• **WHAT TO PRODUCE**
The full listing, excluding its pictures, should be printed exactly as it stands.

• **SUPPLIED INFORMATION**

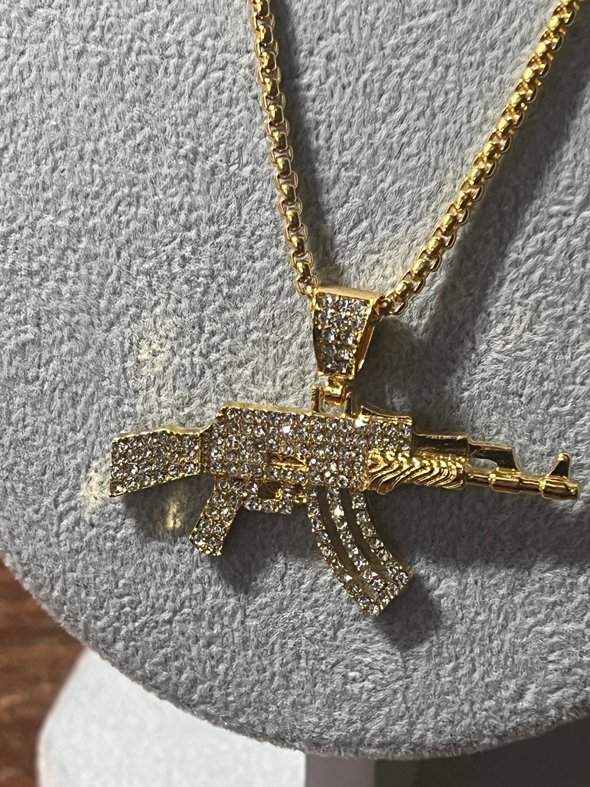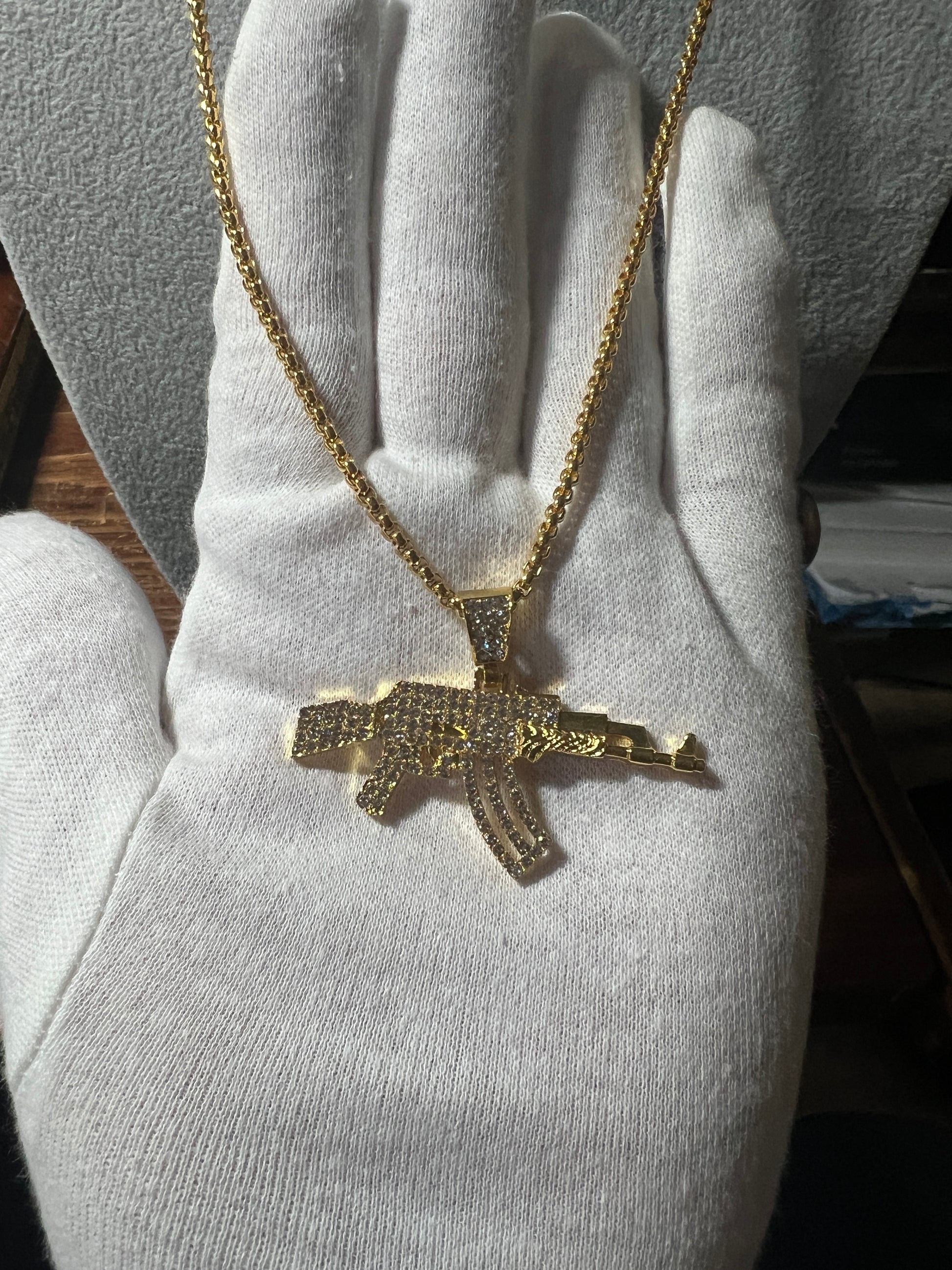 Men's alloy 2" AK pistol necklace High Quality Gold Tone Gun Pendant Hiphop Pendant For Man 23" (#20)
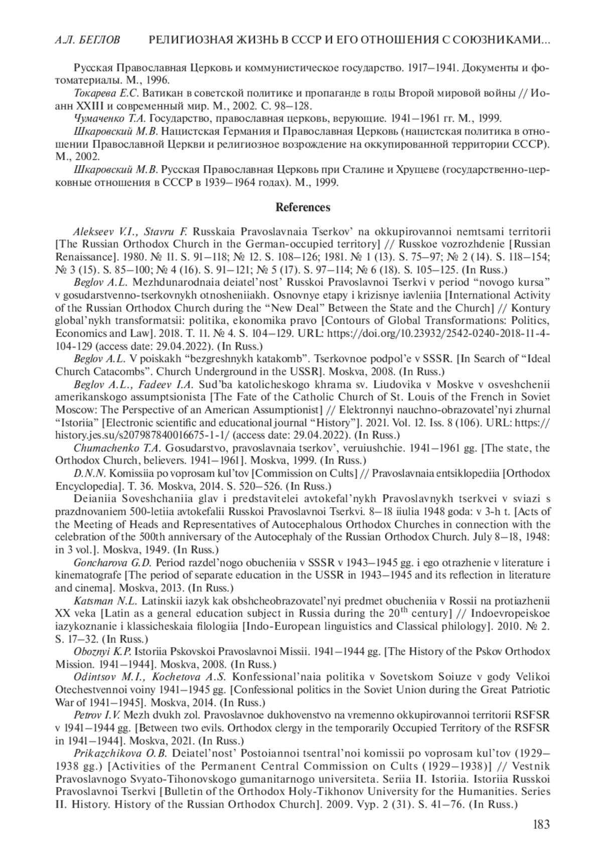 3. Беглов А.Л. Международная деятельность Русской Православной Церкви в период “нового курса” в государственно-церковных отношениях. Основные этапы и кризисные явления // Контуры глобальных трансформаций: политика, экономика право. 2018. Т. 11. № 4. С. 104-129. URL: 10.23932/2542-0240-2018-11-4-104-129 (дата обращения: 15.05.2022). DOI: 10.23932/2542-0240-2018-11-4-104-129( EDN: VLBORM
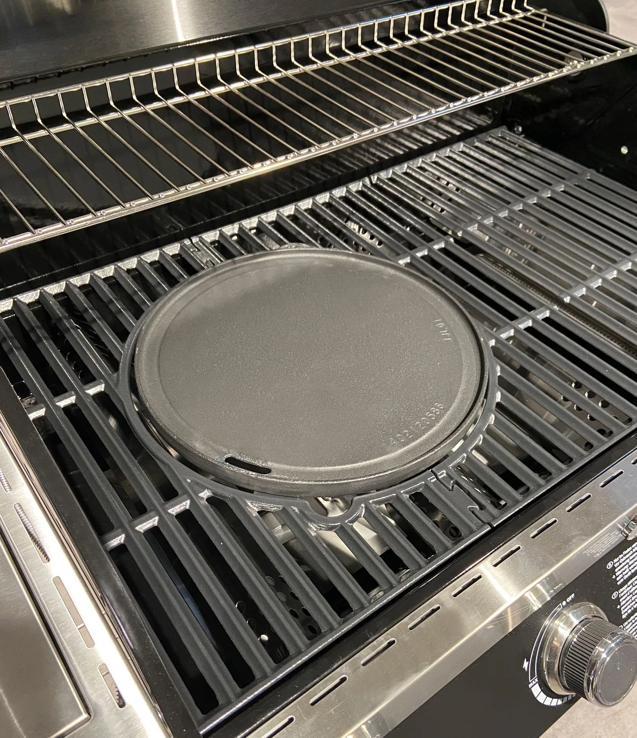 Die gusseiseren, runde Grillplatte von Rösle verfügt über eine glatte und eine geriffelte Seite und ist beidseitig verwendbar:
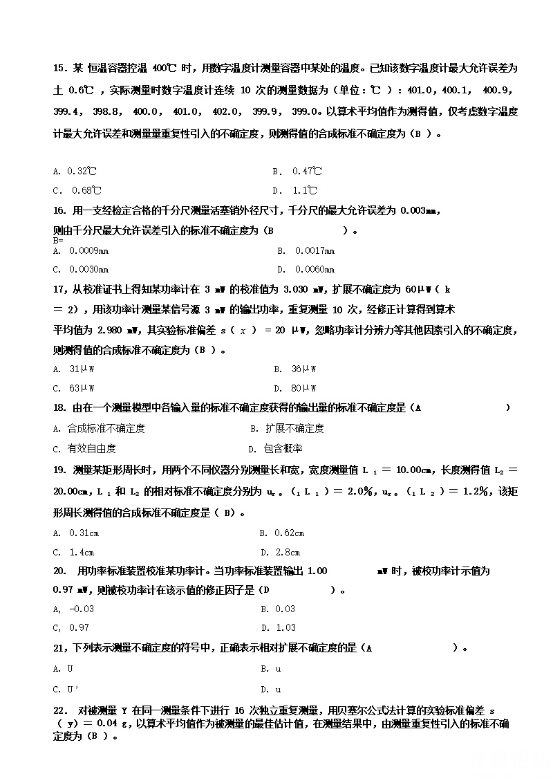 | 首先算出MPEV/根號(hào)3,得出最大允差引入不確定度,再算出標(biāo)準(zhǔn)偏差,因?yàn)槭撬阈g(shù)平均值,標(biāo)準(zhǔn)偏差再除以根號(hào)10,這兩個(gè)結(jié)果合成就行了 |

• **REPLY TO THE TASK**
 Men's alloy 2" AK pistol necklace High Quality Gold Tone Gun Pendant Hiphop Pendant For Man 23" (#20)
 3. Беглов А.Л. Международная деятельность Русской Православной Церкви в период “нового курса” в государственно-церковных отношениях. Основные этапы и кризисные явления // Контуры глобальных трансформаций: политика, экономика право. 2018. Т. 11. № 4. С. 104-129. URL: 10.23932/2542-0240-2018-11-4-104-129 (дата обращения: 15.05.2022). DOI: 10.23932/2542-0240-2018-11-4-104-129( EDN: VLBORM
 Die gusseiseren, runde Grillplatte von Rösle verfügt über eine glatte und eine geriffelte Seite und ist beidseitig verwendbar:
 | 首先算出MPEV/根號(hào)3,得出最大允差引入不確定度,再算出標(biāo)準(zhǔn)偏差,因?yàn)槭撬阈g(shù)平均值,標(biāo)準(zhǔn)偏差再除以根號(hào)10,這兩個(gè)結(jié)果合成就行了 |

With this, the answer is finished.